A 68-year-old male with a history of gastroesophageal reflux disease and hyperlipidemia was referred for urgent evaluation of acute onset severely painful oral ulcerations present for one month associated with 20-lb weight loss, frequent epistaxis, and rash. Laboratory findings included mild eosinophilia; elevated WBC, CRP, ESR, and vitamin B12; positive ANA; and positive HLA-B51. Extensive infectious disease and rheumatologic workup were negative. Skin biopsy revealed perifollicular neutrophilic granulomatous inflammation and superficial perivascular lymphohistiocytic infiltrate with neutrophils and occasional eosinophils. Oral ulcers worsened and eosinophilia persisted (reaching a maximum value of 1.77 K/uL) despite regimen of colchicine 0.6 mg BID and methylprednisolone up to 96 mg daily. On exam, extensive ulceration of the upper and lower labial mucosa and bilateral ventral tongue and focal ulcerations of the soft palate were noted. Biopsy of the lower lip mucosa revealed mild non-specific chronic inflammation. The patient was admitted for pain management and multi-disciplinary workup. Ultimately, he was found to have a FIP1L1-PDGFRA gene fusion and a RUNX1 gene variant. Bone marrow biopsy revealed left-shifted myeloid-predominant maturing trilineage hematopoiesis without evidence of dysplasia. A diagnosis of myeloid neoplasm associated with eosinophilia and rearrangement of PDGFRA was made and the patient was started on imatinib 400 mg daily. Complete molecular remission was achieved within two months and oral ulcerations have not recurred.

Conclusions:

Myeloid neoplasm associated with eosinophilia and PDGFRA rearrangement is a rare malignancy with a striking male predilection and exquisite responsiveness to imatinib.

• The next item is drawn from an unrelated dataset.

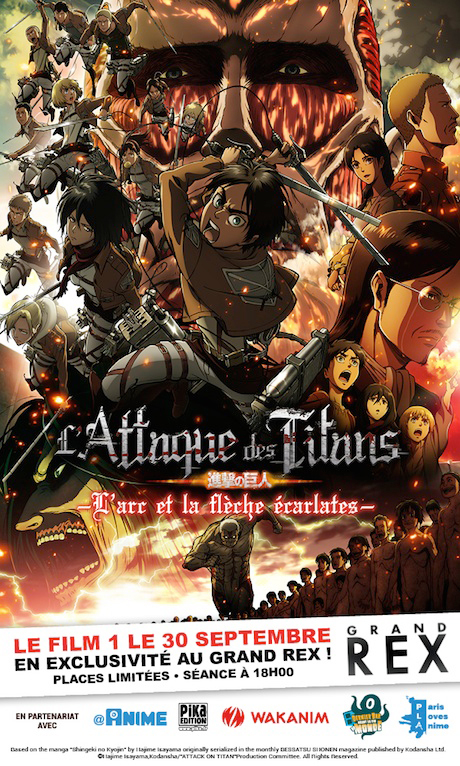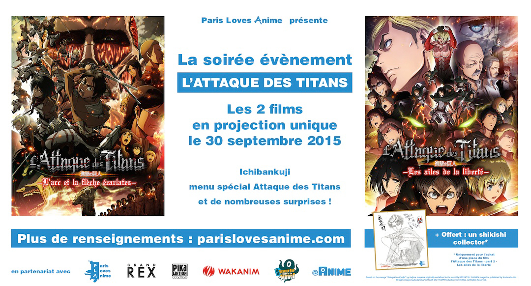 Au programme des mois à venir : une soirée spéciale avec les deux films de l’Attaque des Titans, et les 3 films de Project Itoh réalisés par les studios les plus populaires du moment en projections simultanées avec le Japon. Soirée exceptionnelle avec projection des 2 films plus animations le 30 septembre 2015 de 18h00 à 23h00 avec entracte, Ichibankuji et menu spécial Attaque des Titans.

Painful oral ulcerations with non-specific clinical and histopathologic features that are refractory to high-dose glucocorticoids can be a presenting feature. Though rare, oral medicine specialists should be aware of this oral manifestation of underlying malignancy.
Summary: Acute onset severe oral ulcerations can be associated with a variety of systemic diseases, including hematologic malignancies. Thorough workup with attention to other sites of involvement, relevant laboratory studies, and histopathology are essential to elucidate a diagnosis.